INPUT DATA:
-- Opening Marker --

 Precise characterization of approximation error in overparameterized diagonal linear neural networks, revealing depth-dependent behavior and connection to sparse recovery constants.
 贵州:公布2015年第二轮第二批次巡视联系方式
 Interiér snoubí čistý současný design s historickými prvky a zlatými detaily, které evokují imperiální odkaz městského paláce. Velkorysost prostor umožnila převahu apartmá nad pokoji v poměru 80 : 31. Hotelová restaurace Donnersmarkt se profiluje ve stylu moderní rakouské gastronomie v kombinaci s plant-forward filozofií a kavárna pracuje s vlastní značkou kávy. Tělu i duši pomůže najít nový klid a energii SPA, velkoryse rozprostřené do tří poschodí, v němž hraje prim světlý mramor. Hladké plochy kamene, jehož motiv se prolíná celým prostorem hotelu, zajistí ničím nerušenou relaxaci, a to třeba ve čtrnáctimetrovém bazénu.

-- Closing Marker --
-- Opening Marker --

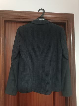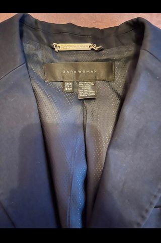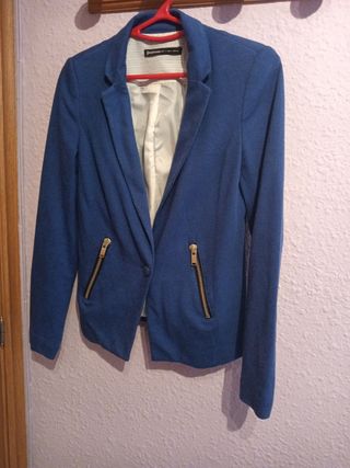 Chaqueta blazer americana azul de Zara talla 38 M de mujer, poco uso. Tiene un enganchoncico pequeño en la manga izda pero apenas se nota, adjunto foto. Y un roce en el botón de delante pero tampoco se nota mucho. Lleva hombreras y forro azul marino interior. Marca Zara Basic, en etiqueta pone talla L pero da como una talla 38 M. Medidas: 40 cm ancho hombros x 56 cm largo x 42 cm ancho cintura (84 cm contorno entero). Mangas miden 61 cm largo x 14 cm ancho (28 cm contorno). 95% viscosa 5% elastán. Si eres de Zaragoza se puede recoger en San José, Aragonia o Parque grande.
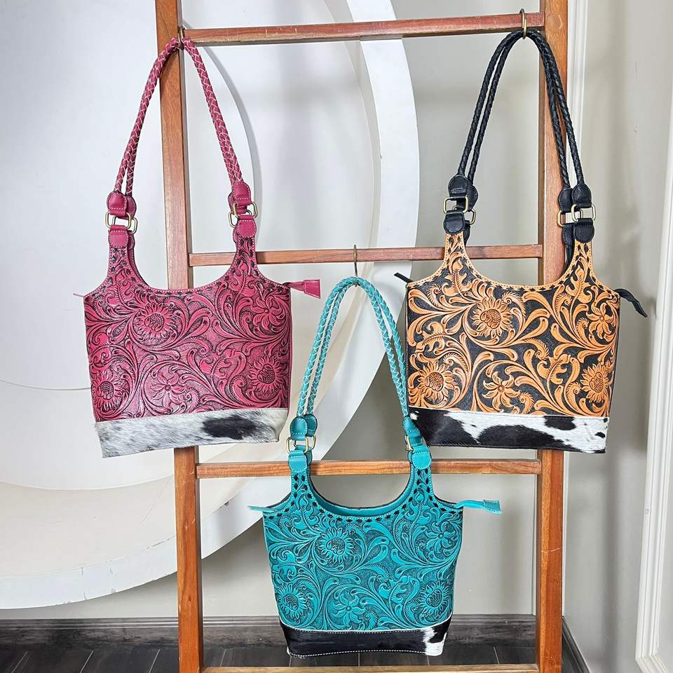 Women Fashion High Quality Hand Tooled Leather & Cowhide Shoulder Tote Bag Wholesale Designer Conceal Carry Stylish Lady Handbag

-- Closing Marker --
-- Opening Marker --

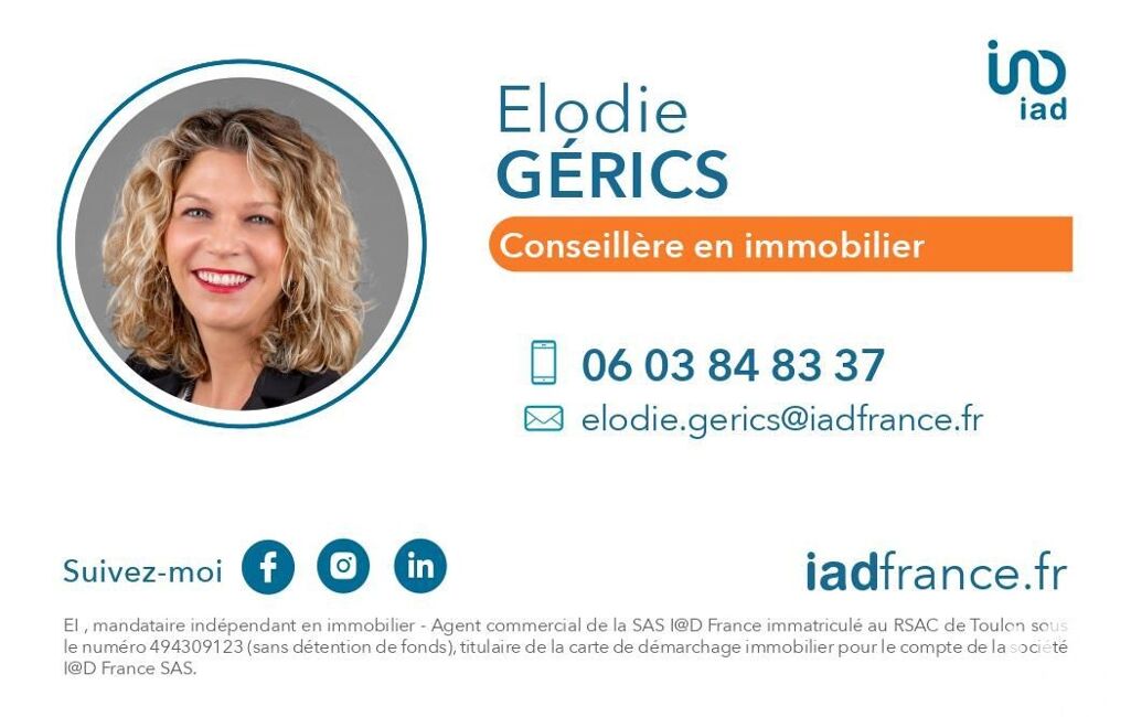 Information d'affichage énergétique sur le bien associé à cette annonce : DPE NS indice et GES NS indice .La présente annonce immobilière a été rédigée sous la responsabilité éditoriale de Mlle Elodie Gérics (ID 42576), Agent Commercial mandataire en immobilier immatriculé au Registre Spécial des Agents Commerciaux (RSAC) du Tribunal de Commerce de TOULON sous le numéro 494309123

-- Closing Marker --

Please copy the lines above from the line with "Precise characterization of" up to and including the line with "贵州:公布2015年第二轮第二批次巡视联系方式", exactly as written and with nothing else.

FINISHED EXERCISE:
 Precise characterization of approximation error in overparameterized diagonal linear neural networks, revealing depth-dependent behavior and connection to sparse recovery constants.
 贵州:公布2015年第二轮第二批次巡视联系方式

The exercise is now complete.